Ex-Theranos CEO Elizabeth Holmes charged with fraud over ‘revolutionary’ blood tests

Theranos founder Elizabeth Holmes and a former top executive at the company have been indicted by a federal grand jury on fraud charges related to their pitches for blood-testing equipment investors were told would revolutionize and simplify the process.

Holmes, 34, and Ramesh “Sunny” Balwani are charged with two counts of conspiracy to commit wire fraud and nine counts of wire fraud, according to the U.S. Attorney’s Office for the Northern District of California. Federal prosecutors say the pair engaged in two separate schemes, one to defraud investors and the other to take advantage of doctors and patients.

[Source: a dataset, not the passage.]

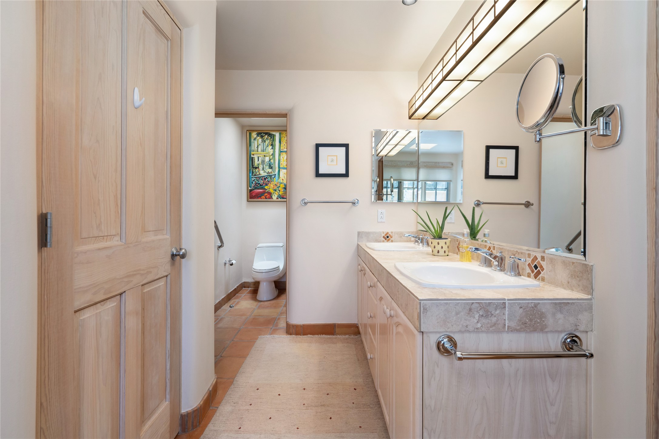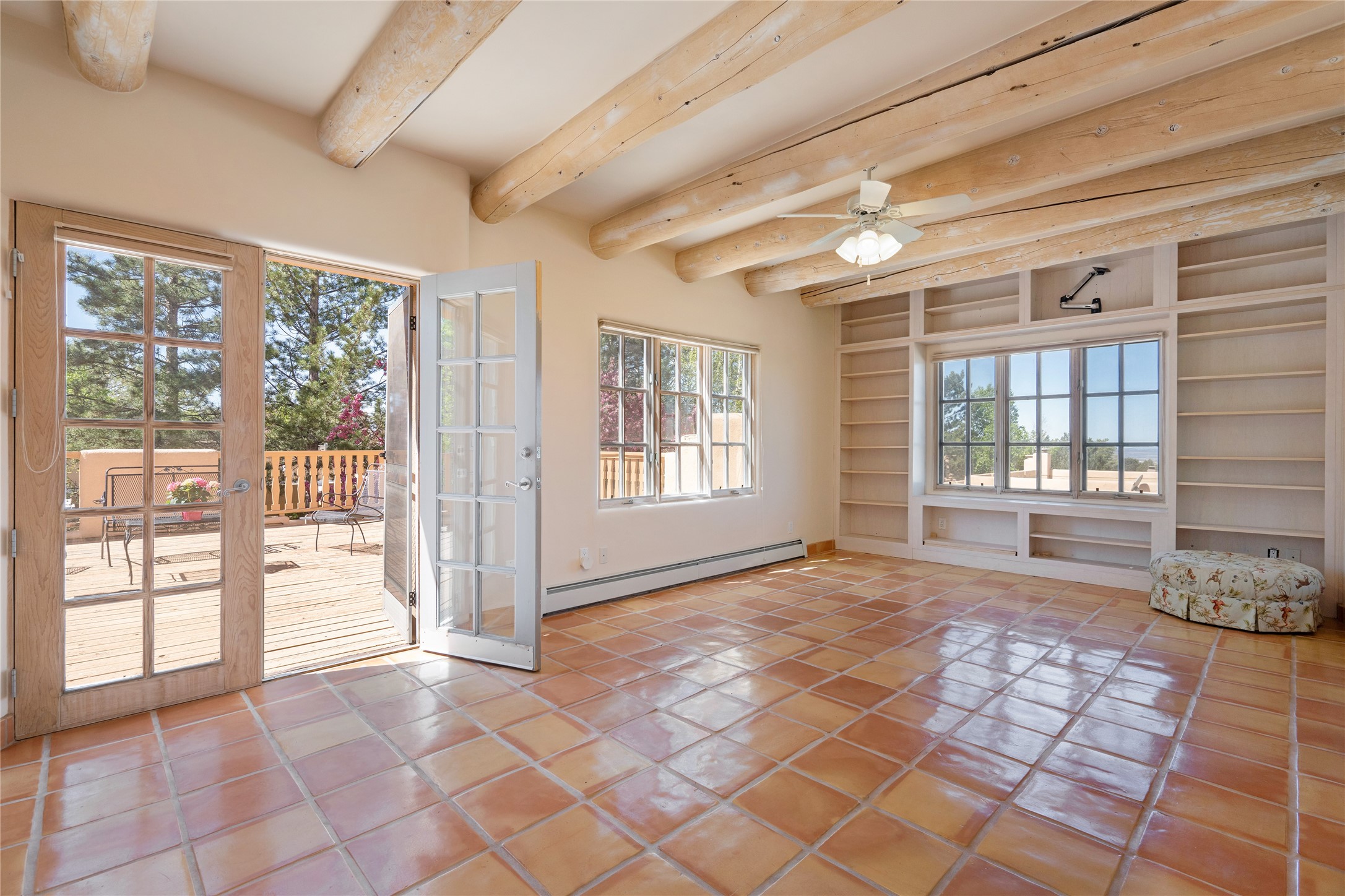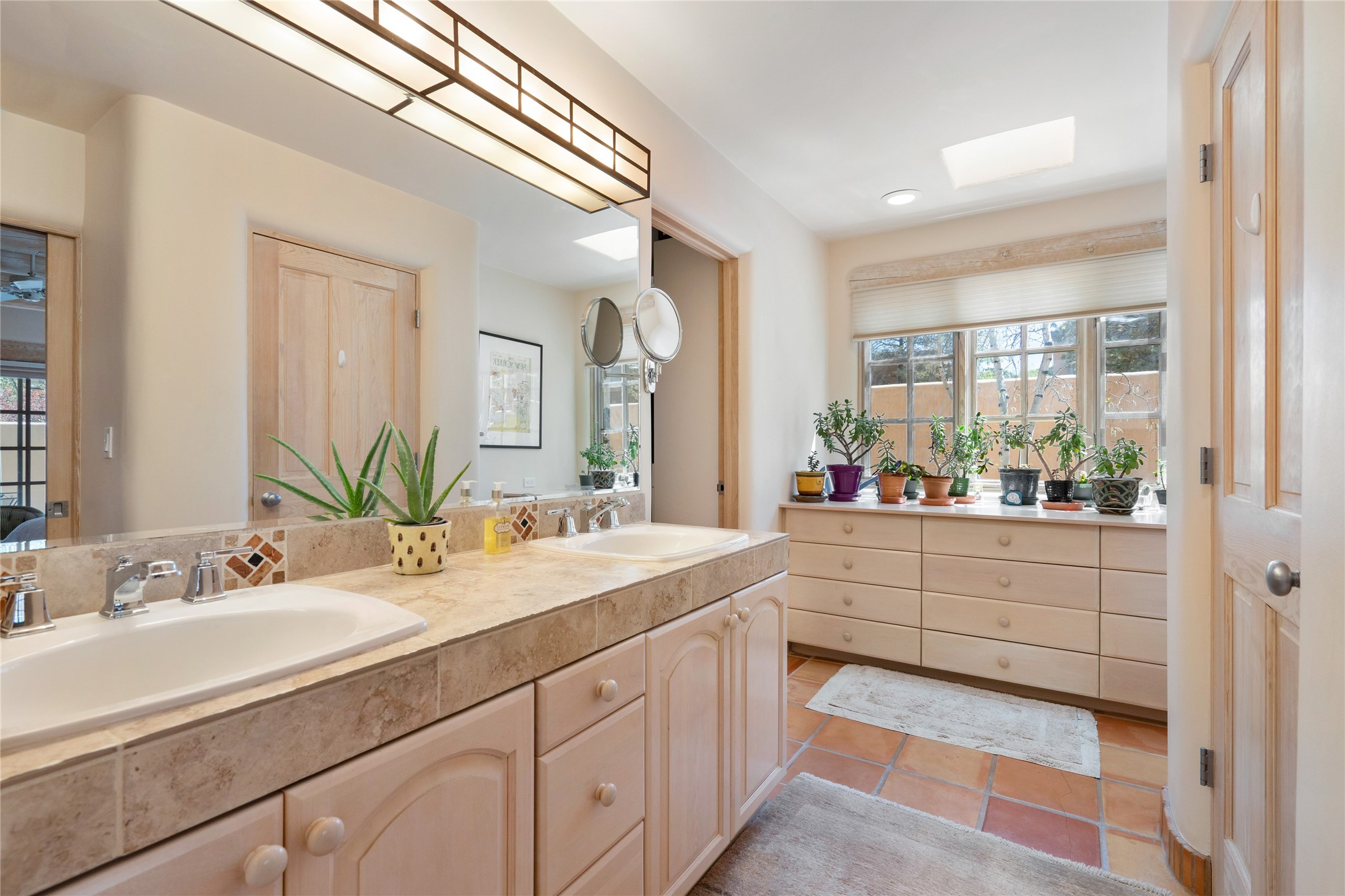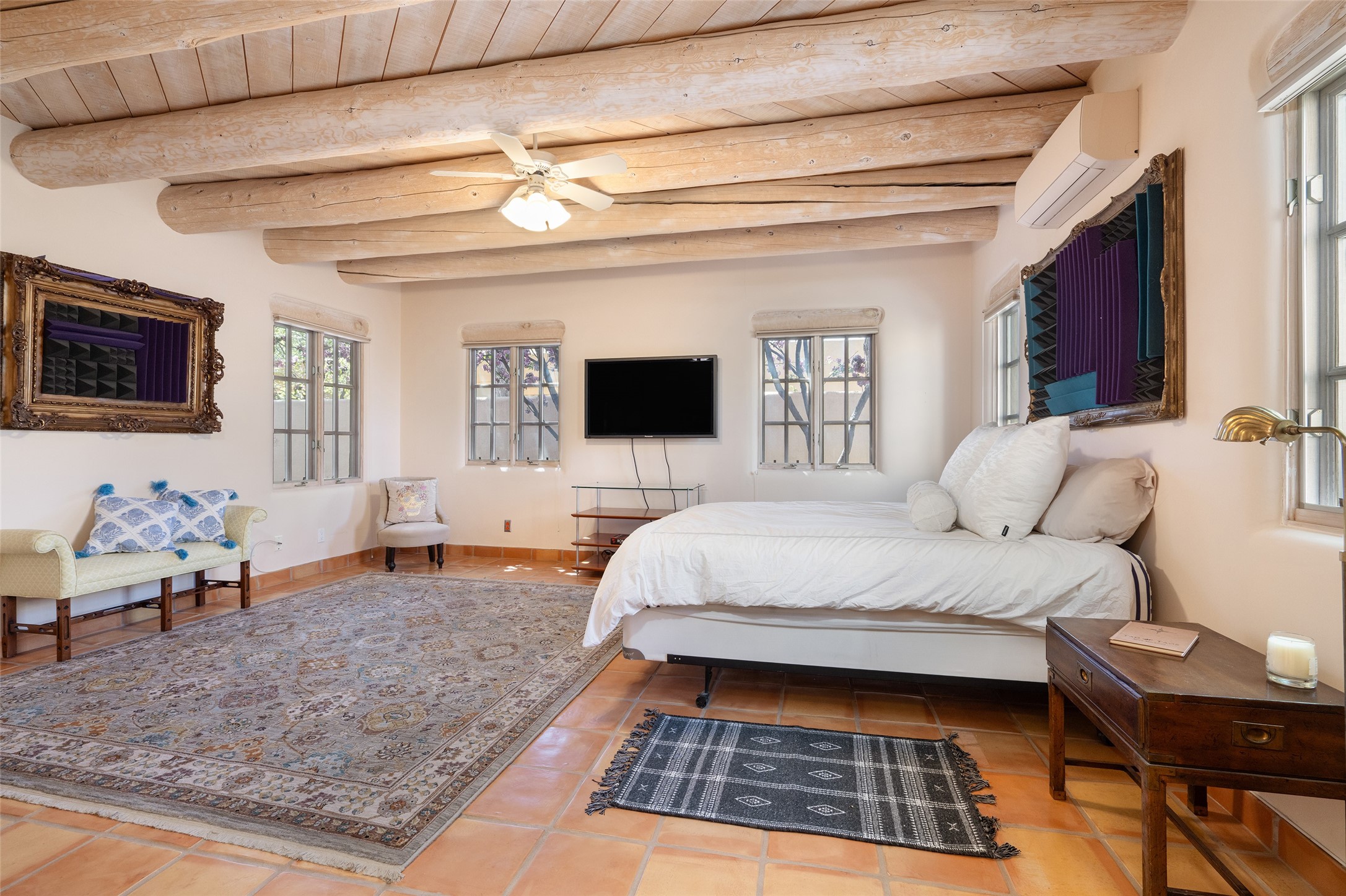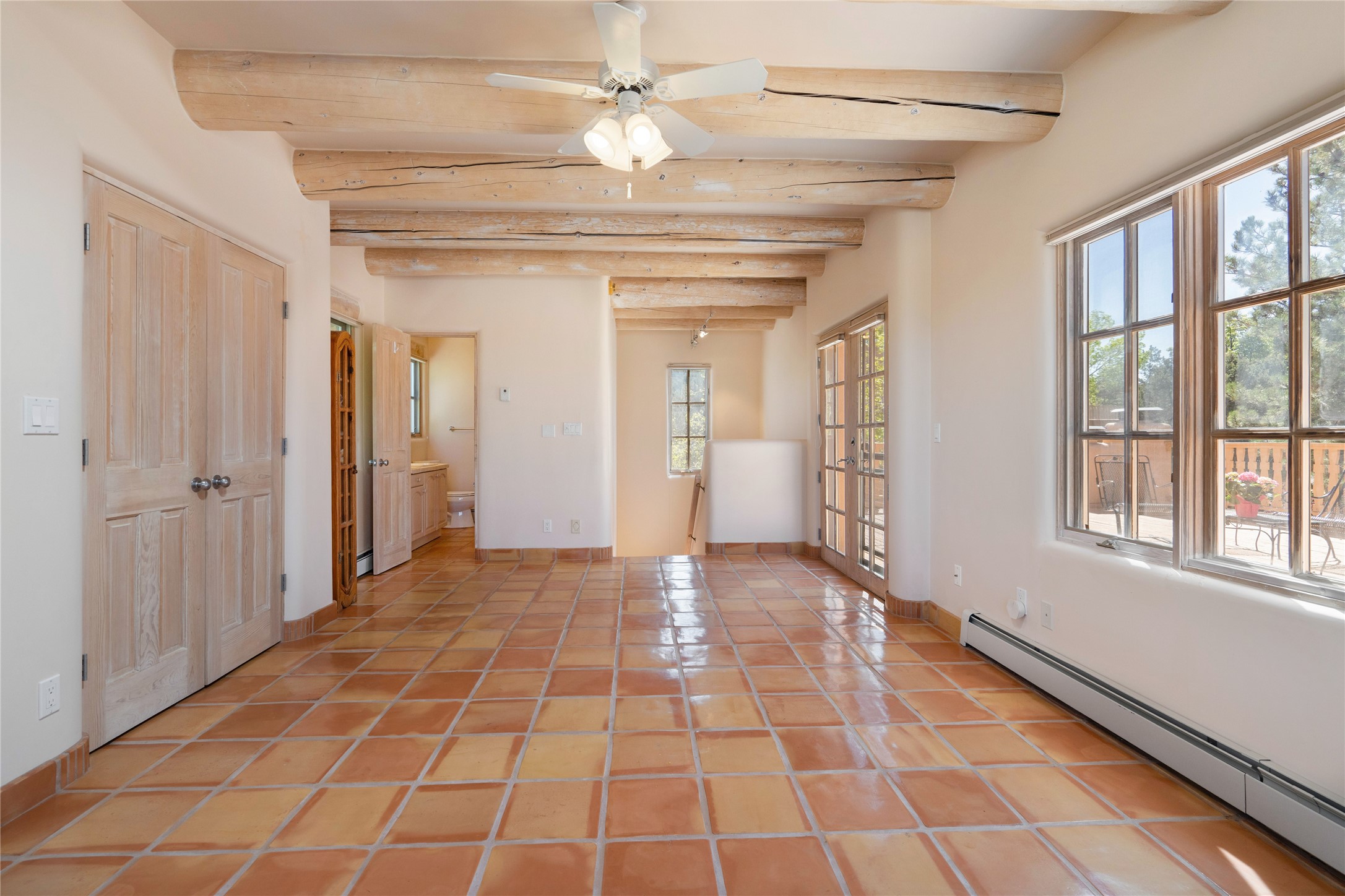 ESTATE SALE!Experience the perfect blend of Southwestern charm and modern luxury in this exceptional 4-bedroom, 4-bathroom home located within Santa Fe's prestigious Quail Run gated community.The main level boasts dual primary suites, one featuring a cozy kiva fireplace and sliding French doors that open to a serene, landscaped courtyard. An additional spacious bedroom with an en-suite bathroom provides comfort for family or guests.Upstairs, a versatile multi-use room with its own bathroom offers flexibility as a bedroom, office, or game room, and opens onto a large terrace with breathtaking mountain views.The chef's kitchen is equipped with a gas stove, double oven, Sub-Zero refrigerator, and a generous island with banquet seating, catering to culinary enthusiasts. The living area features high viga ceilings, Saltillo tile flooring, and a traditional kiva fireplace, creating an inviting ambiance.Additional highlights include a two-car garage fitted with a ChargePoint® Home Flex Level 2 electric vehicle charger.As a resident of Quail Run, enjoy access to a 9-hole PGA-rated golf course, tennis and pickleball courts, a full-service fitness center with classes, heated indoor lap pool, hydrotherapy pool, and a clubhouse with a restaurant.Situated just minutes from Santa Fe's historic downtown, this home offers the perfect balance of peaceful living and convenient access to the city's vibrant cultural scene.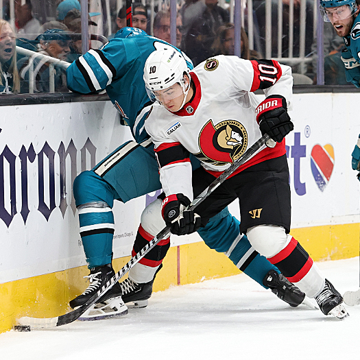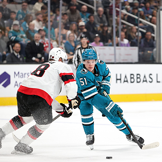 Sharks forward Colin Graf (51) attempts to move around Senators defender Tim Stutzle (18) – Photo by Jack Lima

Both Holmes, who founded Theranos in 2003, and Balwani, 53, who had served as its chief operating officer and president, appeared in federal court in California on Friday. The company announced the same day that Holmes had stepped down as chief executive officer but would remain at the firm as founder and board chairman.

“This conspiracy misled doctors and patients about the reliability of the medical tests that endangered health and lives,” FBI Special Agent in Charge John Bennett said in a statement. Additionally, prosecutors said, the events risked tarnishing Silicon Valley’s reputation as a hotbed of reliable technology innovation, something Acting U.S. Attorney Alex Tse promised to prevent.

Theranos didn’t immediately respond to a request for comment on Friday, though the company has previously said it made real and lasting advances in medical technology and holds 1,200 patents and applications that the Institute of Electrical and Electronics Engineers recently judged “to be among the most valuable in the medical device space.”

Neither Holmes nor the company admitted wrongdoing in a March settlement with the Securities and Exchange commission over their claims to investors about the analyzer. She agreed at the time to pay a $500,000 fine, accept a prohibition on serving as a director or officer of a publicly traded company for 10 years, and return about 18.9 million shares of stock.

Prosecutors said in the indictment that Holmes and Balwani employed ads and solicitations to push doctors and patients to use Theranos’ services, even though the pair knew the company couldn’t consistently produce “accurate and reliable results for certain blood tests.”

Holmes and Balwani also used a variety of means, including direct communications, statements to the media, and financial statements, to defraud potential investors, the U.S. Attorney’s Office said.

The two claimed that Theranos developed a “revolutionary and proprietary” analyzer that could perform different clinical tests using small blood samples taken from a patient’s finger and said the technology could yield results that were better and faster than those produced by conventional methods, according to the Justice Department.

The two Theranos executives, however, knew that the analyzer had “accuracy and reliability problems, performed a limited number of tests, was slower than some competing devices, and, in some respects, could not compete with existing, more conventional machines,” prosecutors said.

Patients, according to prosecutors, were targeted in ads that urged them to purchase Theranos blood tests for HIV and other conditions at Walgreen’s stores in California and Arizona. As a result, hundreds of patients or their insurance providers paid for the blood tests and results, sometimes following referrals from their defrauded doctors, the U.S. Attorney’s Office said.

A spokesman for Walgreen’s declined to comment.

“The conduct alleged in these charges erodes public trust in the safety and effectiveness of medical products, including diagnostics,” Catherine Hermsen, acting director of the Office of Criminal Investigations at the Food and Drug Administration, said in a statement.

Holmes and Balwani face up to 20 years in prison and a fine of $250,000 per count.